Sir John ColbornePhoto anonyme d’un portrait de George Theodore Berthon, vers 1884 (s.d.)Source : Wikimedia Commons

     Le 10 février 1838, l’Acte constitutionnel de 1791 est suspendu. Le gouverneur devient responsable de la direction de toutes les affaires publiques du Bas-Canda. Il est assisté d’un Conseil spécial dont il nomme les membres. La Chambre d’assemblée est mise en veilleuse et ce Conseil gouverne la colonie sans mandat électoral durant les trois années suivantes.

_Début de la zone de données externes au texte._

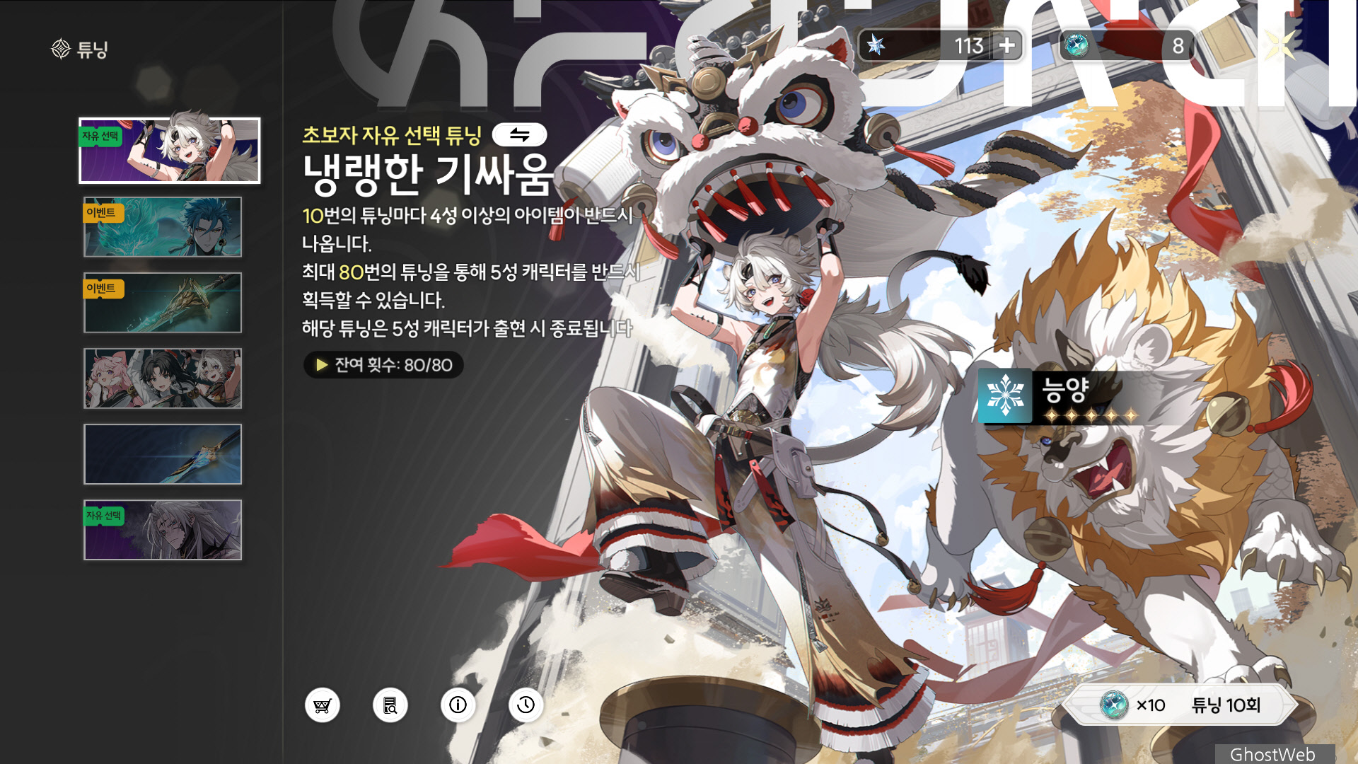 | 5 | 울려퍼지는 칠성북 | 공영 해방 돌진 · 사자의 질주 발동 시 추가로 능양의 200% 응결 피해를 가한다. |
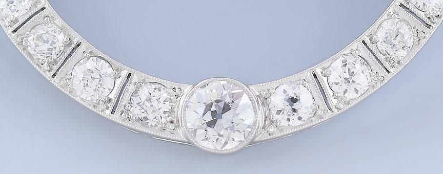 The diamonds graduate in size from the smallest at the top to thelargest at the bottom of the circle, with the smallest being about 3 points in size and the largest being about 85 points in size. The largest center diamond is significantly larger than the next largest diamonds on either side, which are about 22 points each in size. The largest diamond is an extraordinarily high quality stone, of VVS clarity and G color. Our gemologist has examined this diamond under 45x magnification and even at that level of magnification it is eye-clean. The rest of the diamonds are VS to SI clarity, and are quite dazzling

     Cette loi britannique établit «des dispositions temporaires pour le gouvernement du Bas-Canada». Le Conseil spécial du Bas-Canada a le pouvoir d’émettre des ordonnances et des lois mais n’a pas de pouvoir de taxation. La loi est promulguée par proclamation dans La Gazette de Québec le 28 mars suivant. Le 2 avril, les membres du Conseil spécial sont nommés. Le 18 avril 1838, le Conseil spécial tient sa première session au Château Ramezay à Montréal. James Cuthbert en devient le premier président.

  Le 27 février 1838, John Colborne avait été nommé administrateur de la colonie pour cette période de transition. Il a déjà démontré ses qualités de chef militaire en réprimant par la force les prétentions des Patriotes. Sa conduite en 1837 et en 1838 lui valent le surnom de «vieux Brûlot», plusieurs le considérant comme un symbole de brutalité, de fanatisme anglo-saxon et d’anticatholicisme. C’est lui qui nomme les premiers membres du Conseil spécial et qui agit comme premier gouverneur et chef de l’exécutif avant l’arrivée à Québec de John George Lambton, 1ᵉʳ comte de Durham.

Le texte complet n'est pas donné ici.